Courage at Twilight: I Have No Idea

Four interminable months have passed since our visit to Dr. Neurologist, when he pricked and prodded, when he found severe neurological damage and no knee reflex, months of worsening ambulatory paralysis and increasing pain, months without answer or insight. Dad’s questions have burned in his brain: What is the diagnosis? Why the severe?
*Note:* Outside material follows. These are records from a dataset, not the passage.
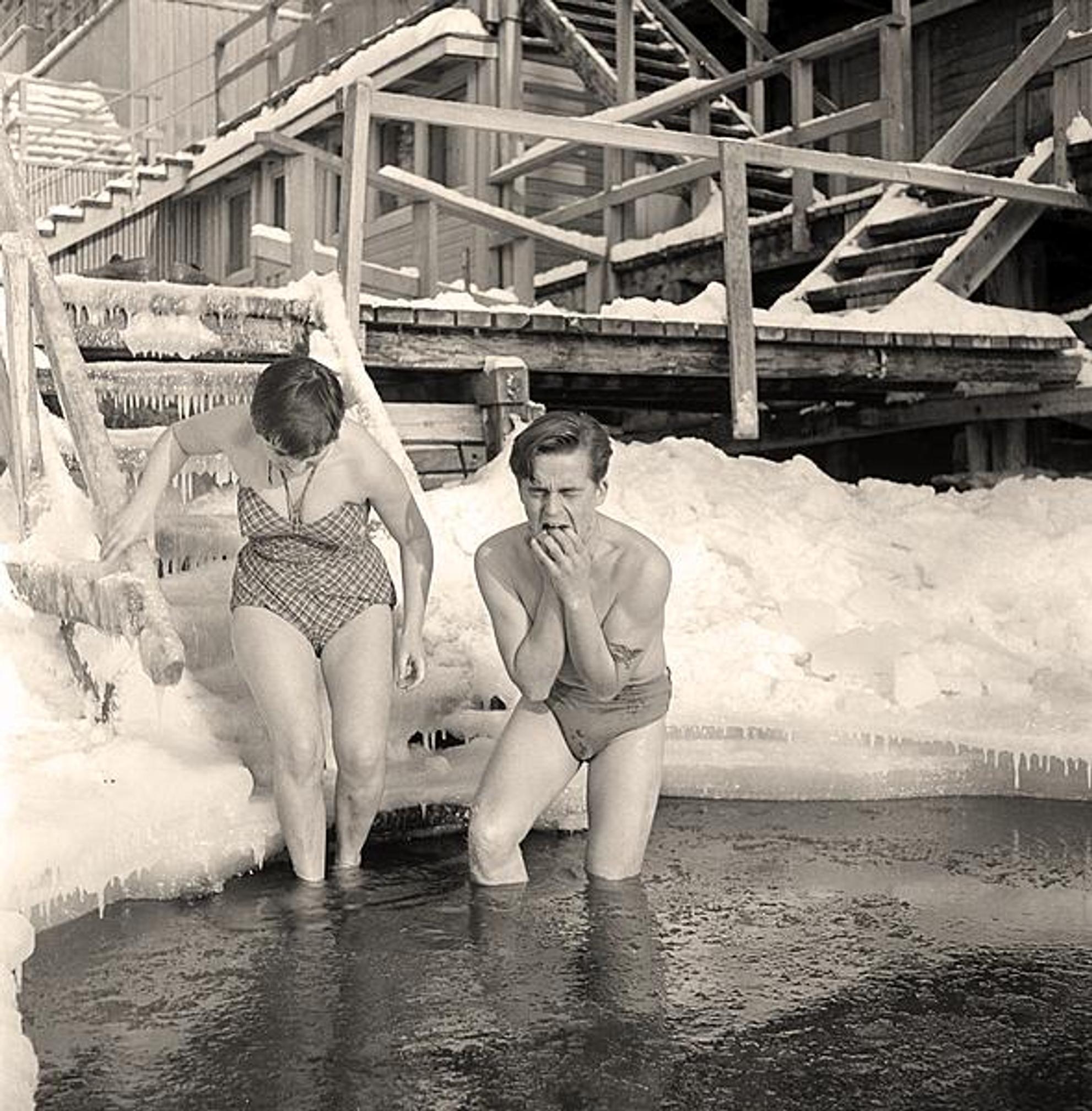 Harkitsen vielä vakavasti peräytymistä, mutta nähdessäni kilpailijani seisovan jo nilkkoja myöten avannossa, en voi tehdä muuta kuin seurata häntä. Jälleen askelma, olen nilkkoja myöten avannossa, seuraava porras, vielä yksi, seison polviani myöten kylmässä vedessä.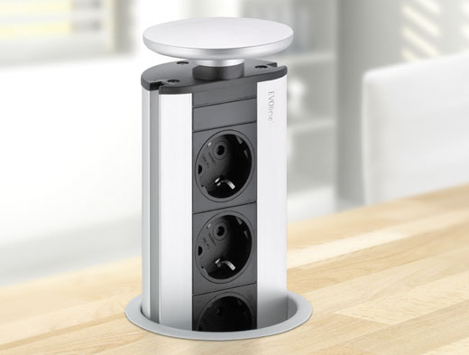In der Küche kann es schnell eng werden, wenn man ein aufwendiges Essen kocht. Wo es auf jeden freien Zentimeter Platz ankommt, sind Geräte, die nicht im Weg stehen, Gold wert. Die sowohl vertikal als auch horizontal versenkbare Steckdosenleiste EVOline Port Cuisine mit ihren drei Anschlüssen ist einer dieser praktischen Platzsparer!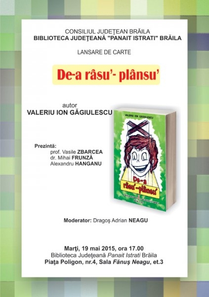 Mâine, de la ora 17.00, la Biblioteca Judeţeană "Panait Istrati" se va lansa cel de-al patrulea volum semnat de scriitorul brăilean Valeriu Găgiulescu. Cartea "De-a râsu - plânsu" va fi prezentată de profesorul Vasile Zbarcea, dr. Mihai Frunză şi epigramistul Alexandru Hanganu. Evenimentul va fi moderat de directorul bibliotecii, Dragoş Neagu.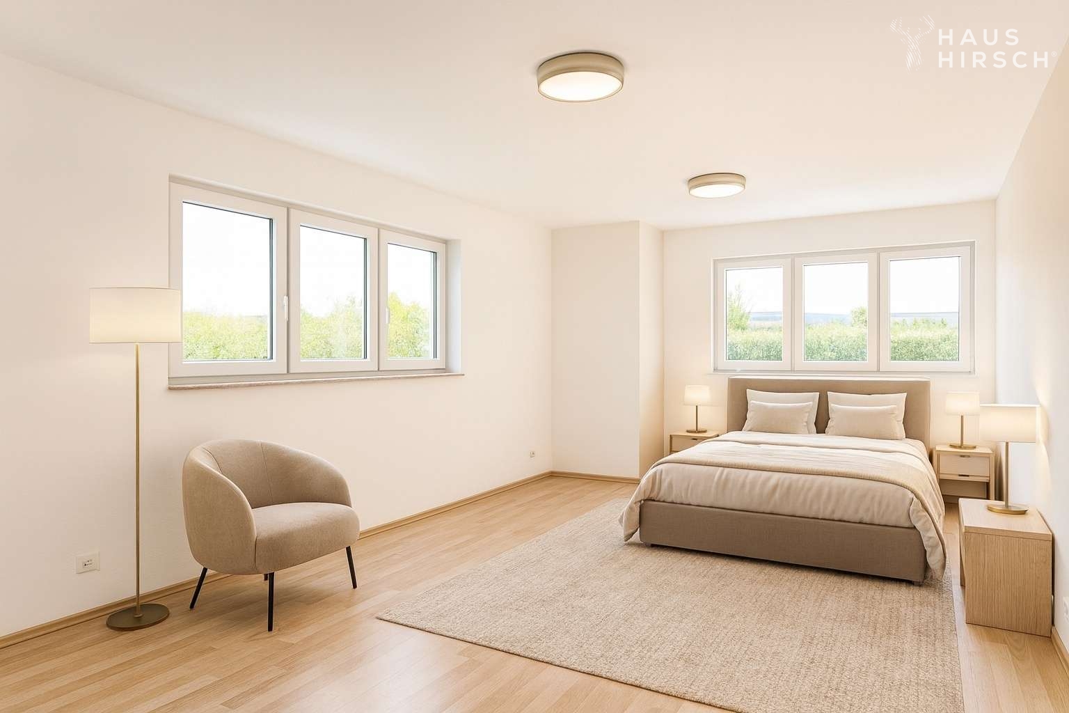 Das Hauptschlafzimmer ist besonders weitläufig und kann bei Bedarf geteilt werden – etwa in ein weiteres Schlafzimmer, eine Ankleide oder ein separates Büro.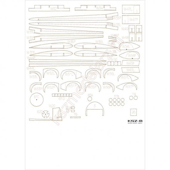 Laserowo wycięte elementy modelu, które w oryginalnej wycinance wymagają podklejenia odpowiedniej grubości tekturą. Elementy te są precyzyjnie wycinane ploterem laserowym od razu w tekturze o właściwej grubości i wymagają jedynie wypchnięcia palcem z arkusza (połączone są tylko małymi łącznikami).

What can I do to improve?  And finally, after those four months, he had the chance to ask the doctor these questions, again.  N had been 80% certain of the diagnosis of diabetic amyotrophy, and after the negative spinal MRI, presumably 100% certain, there being no other working hypothesis.  Before him again on his examination table, the condition worsening, his answer to Dad’s renewed questions was a simple, “I have no idea.”  When that is the state of things, of course you order more x-rays and blood work and tell the patient you will can him with the results.  Punt.  At least the lumbar puncture/spinal tap and the MRIs and CTs are done and need not be repeated.  At least no one quipped, “What do you expect? He’s almost 88 years old!”  Eighty-eight and still with a resting heart rate of 65 from decades of physical fitness.  Eighty-eight with a world heavy-weight champion fighting spirit.  Meanwhile, we waste away at home in our recliners, grateful for stair lifts and showers and power wheelchairs and books, and family.  Surely, there must be a team of experts out there that can decipher this mystery and say, “Do this.”

 

(Pictured above: the healing squiggly scar on Dad’s scalp after skin cancer surgery last month.)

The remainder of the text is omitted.